Herb Elfman’s death, sadly, also meant he wasn’t going to be on the air the next morning.9 And I knew they couldn’t run with: “Hey, the following three hours of silence are brought to you on account of Herb Elfman’s suicide.”

Luck is opportunity met by preparation. This man’s death was unfortunate, but for me it was also an opportunity. I was prepared to seize the day. And why not? If it wasn’t me, it would be somebody else. (Even my wife was shocked. And she knows me well.)

And so, the very next morning, when WRNG employees began showing up for work just before sunrise, they were surprised to find a man sitting outside the front door in a lawn chair he’d brought from home. That man, of course, was me.

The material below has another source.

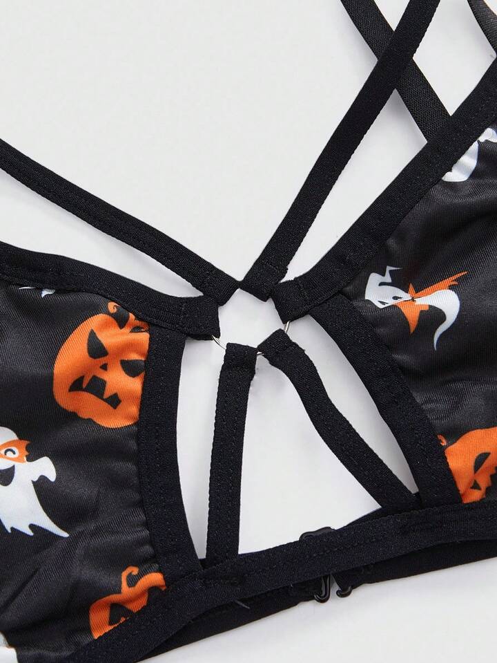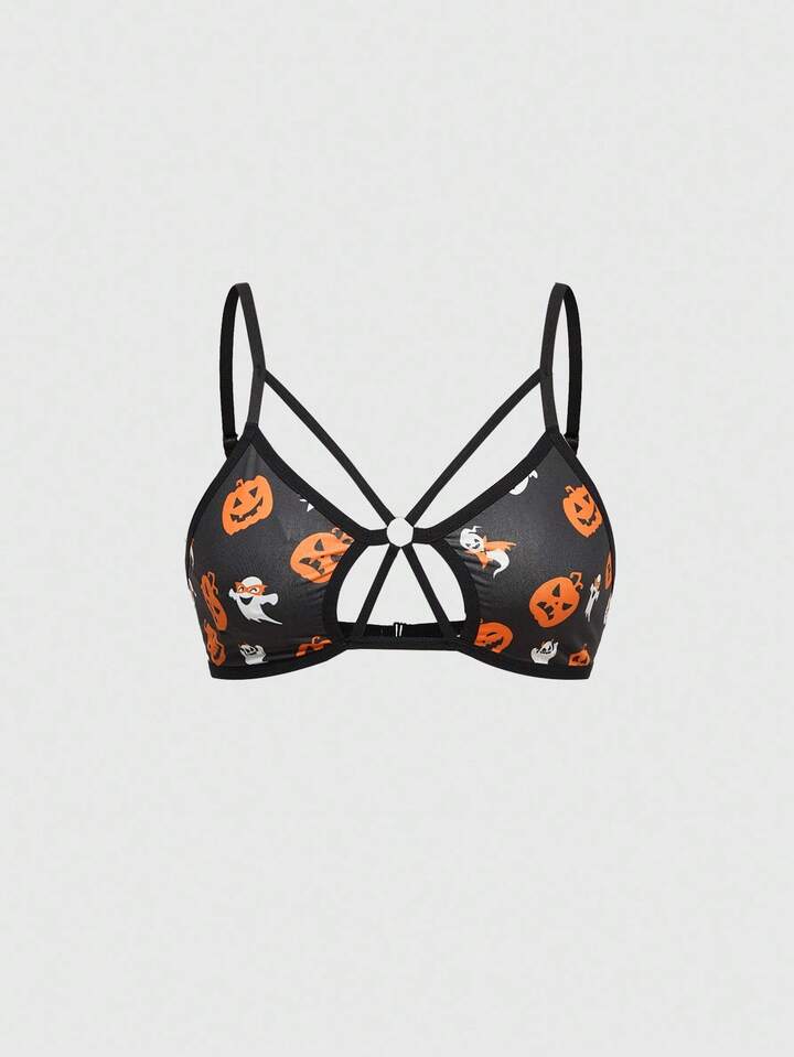 Goth Dark Halloween Spooky Pumpkin & Ghost Wireless Bra For Women

“What are you doing here?” the station manager asked when he arrived.

“Oh, haven’t you heard?” I asked. “Herb Elfman’s dead. He committed suicide.”

“Yeah, we know. Why are you here?”

“Somebody’s got to do that show. I can do it.”

No doubt shocked, the station manager politely informed me that he’d already arranged for a replacement. “Our afternoon guy. He’s going to do the morning show. But thank you very much, Mr. Boortz.”

I was determined to get a job—to climb over the body of a dead talk-show host, if that’s what it took to get into the industry.

“Well, who’s going to do the afternoon show?” I asked, stopping him again as he attempted to enter the building.

“The afternoon show is going to go off the air before too long because of the end of daylight savings time and the early sunsets,” the station manager explained—rather patiently, all things considered. “So we’re just going to put somebody in there temporarily. But thank you very much, Mr. Boortz.”

“Good idea,” I said. “Put somebody in there temporarily. I’ll do it.”

He regarded me with a look of exasperation. Then his expression changed, just a bit. He knew who I was—a caller—and he knew I’d applied for jobs many times before, without success.

Until now. “Okay,” he said. “Come back this afternoon and you can do the afternoon show. But remember, it’s only going to last about six weeks.”

“Fine,” I said.

About two weeks later, they moved me to the morning show. That was more than thirty-five years ago. And I’ve been doing talk radio ever since.